[WHAT IS BEING ASKED]
Stop after the line holding "商品名称:新款水洗棉麻单人枕头套亲肤双人枕套 太阳花". Repeat exactly every line before it in the records below, that line too, and leave out the pictures.

Start of Block

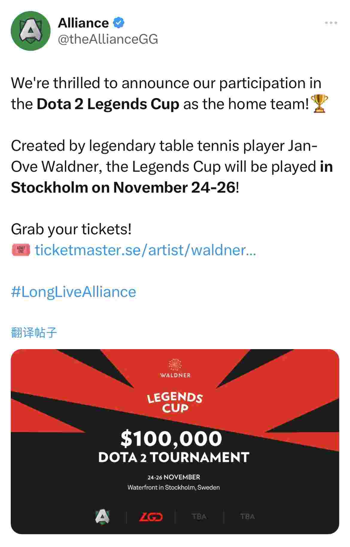 昨日,Alliance战队官方推特发布了一则新消息,由传奇乒乓球运动员Janove Waldner发起的DOTA2LegendsCup将于11月24日至11月26日在瑞典首都斯德哥尔摩举行,而Alliance将作为本土主队受邀参与这项赛事。
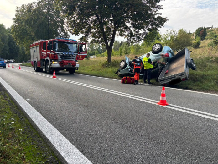 74-latek, chcąc uniknąć zderzenia, zjechał na pobocze, gdzie jego samochód dachował. Mężczyzna z obrażeniami ciała został przewieziony do szpitala. Obaj kierujący byli trzeźwi.
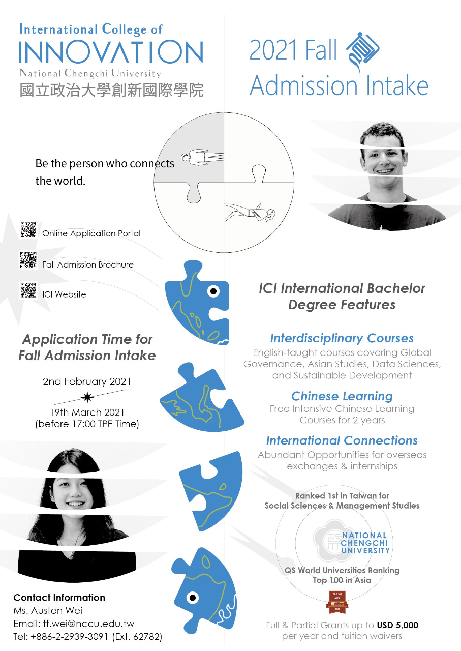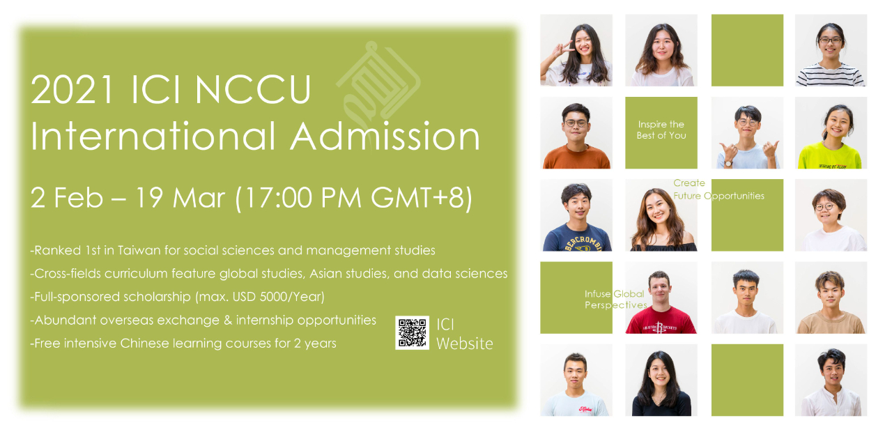 國立政治大學創新國際學院110學年度第二階段國際招生(截止日期至臺灣時間3月19日下午5點)
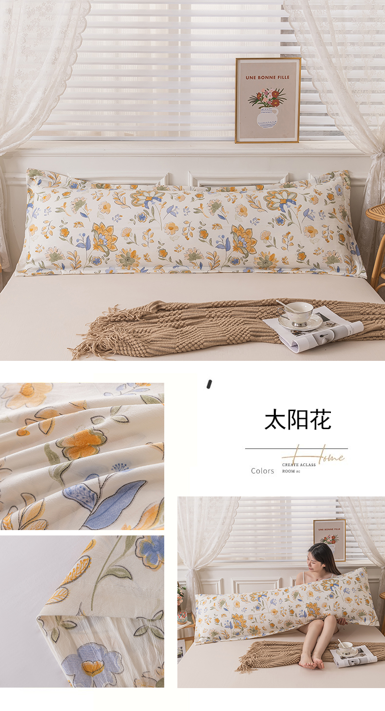 商品名称:新款水洗棉麻单人枕头套亲肤双人枕套 太阳花
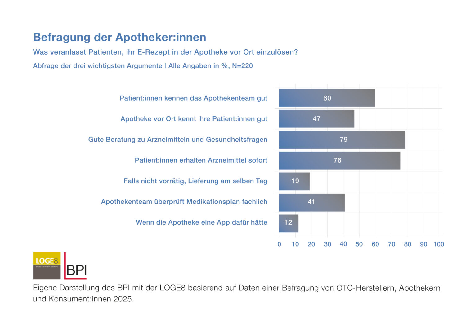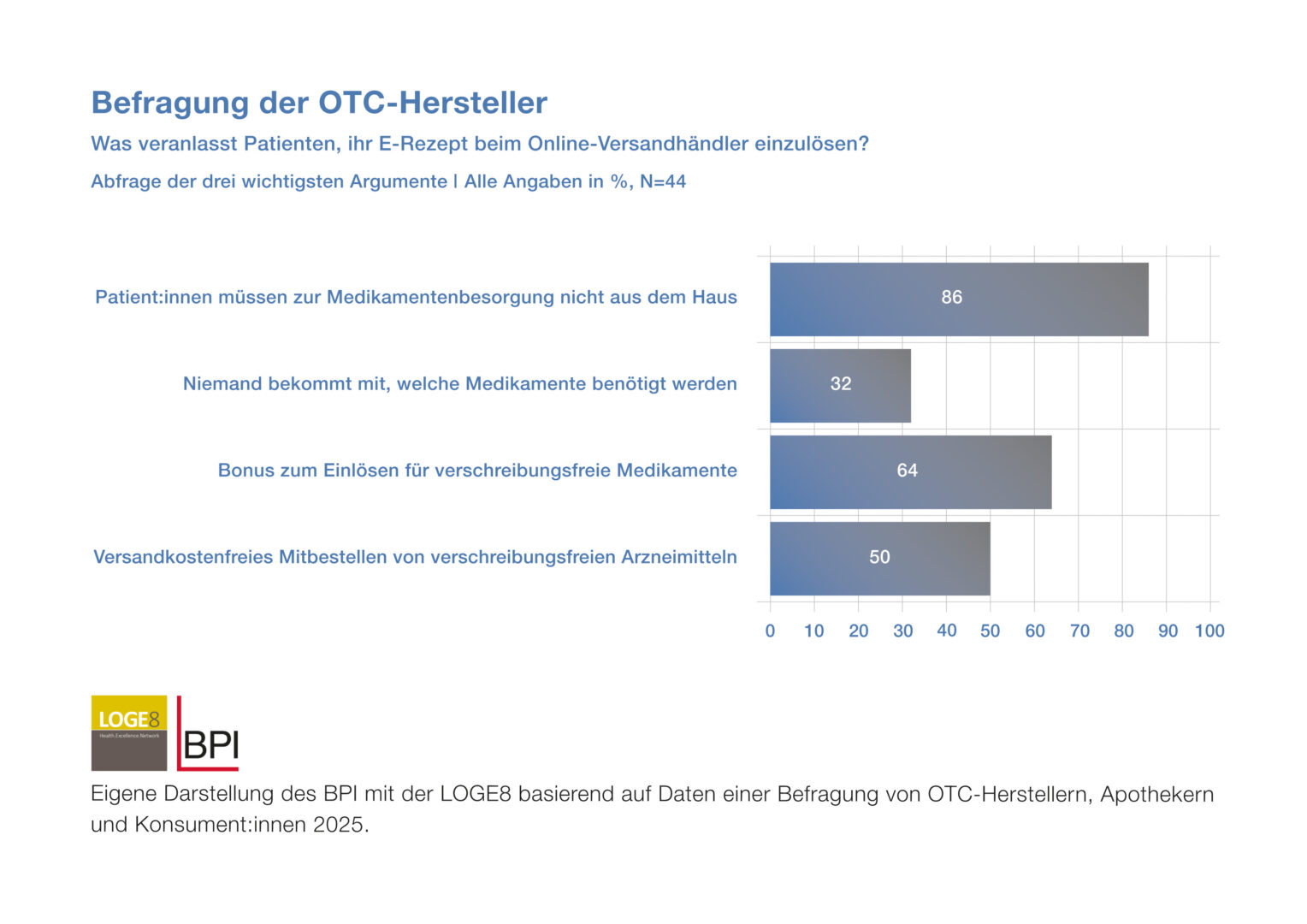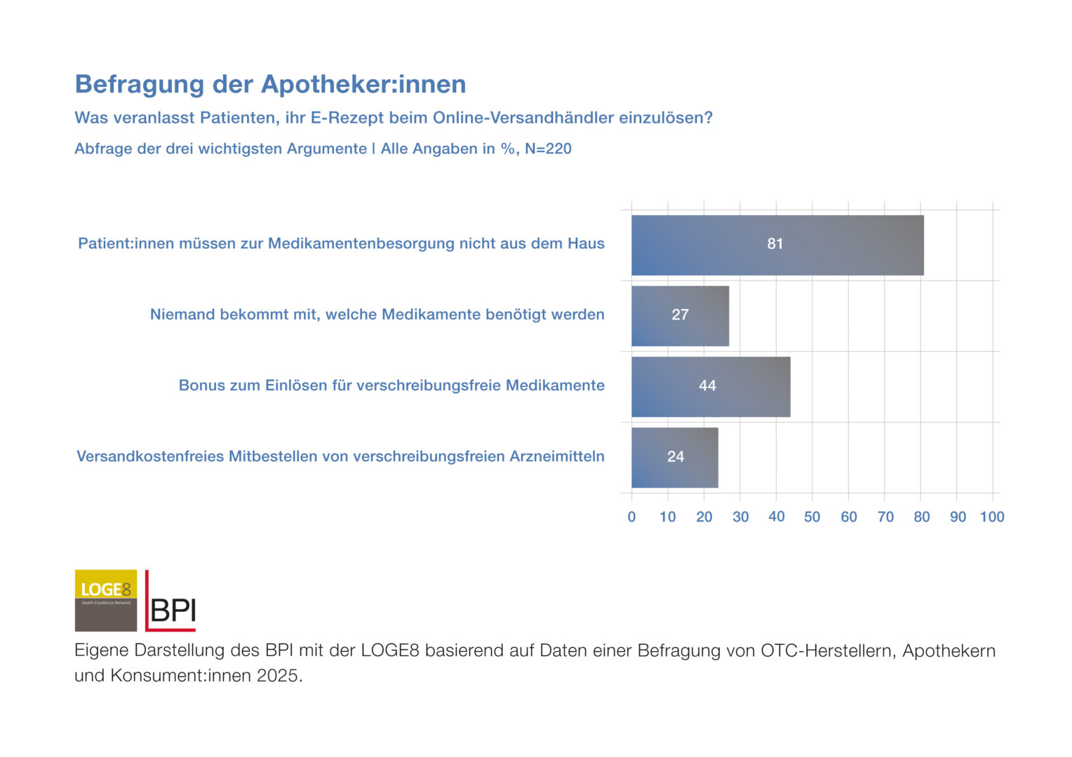 Zum zweiten Mal haben der Bundesverband der Pharmazeutischen Industrie (BPI) und LOGE8 eine umfassende Befragung unter OTC-Herstellern, Apotheken und Konsumentinnen und Konsumenten durchgeführt. Im Mittelpunkt stand die Frage, wie sich das 2024 eingeführte E-Rezept auf das Kaufverhalten von nicht verschreibungspflichtigen Arzneimitteln der Selbstmedikation (OTC) auswirkt. Das neue Stimmungsbarometer zeigt: Für die Mehrheit der Konsumentinnen und Konsumenten stellt das E-Rezept dabei eine Erleichterung dar.

End of Block

[SOLUTION BELOW]
 昨日,Alliance战队官方推特发布了一则新消息,由传奇乒乓球运动员Janove Waldner发起的DOTA2LegendsCup将于11月24日至11月26日在瑞典首都斯德哥尔摩举行,而Alliance将作为本土主队受邀参与这项赛事。
 74-latek, chcąc uniknąć zderzenia, zjechał na pobocze, gdzie jego samochód dachował. Mężczyzna z obrażeniami ciała został przewieziony do szpitala. Obaj kierujący byli trzeźwi.
 國立政治大學創新國際學院110學年度第二階段國際招生(截止日期至臺灣時間3月19日下午5點)
 商品名称:新款水洗棉麻单人枕头套亲肤双人枕套 太阳花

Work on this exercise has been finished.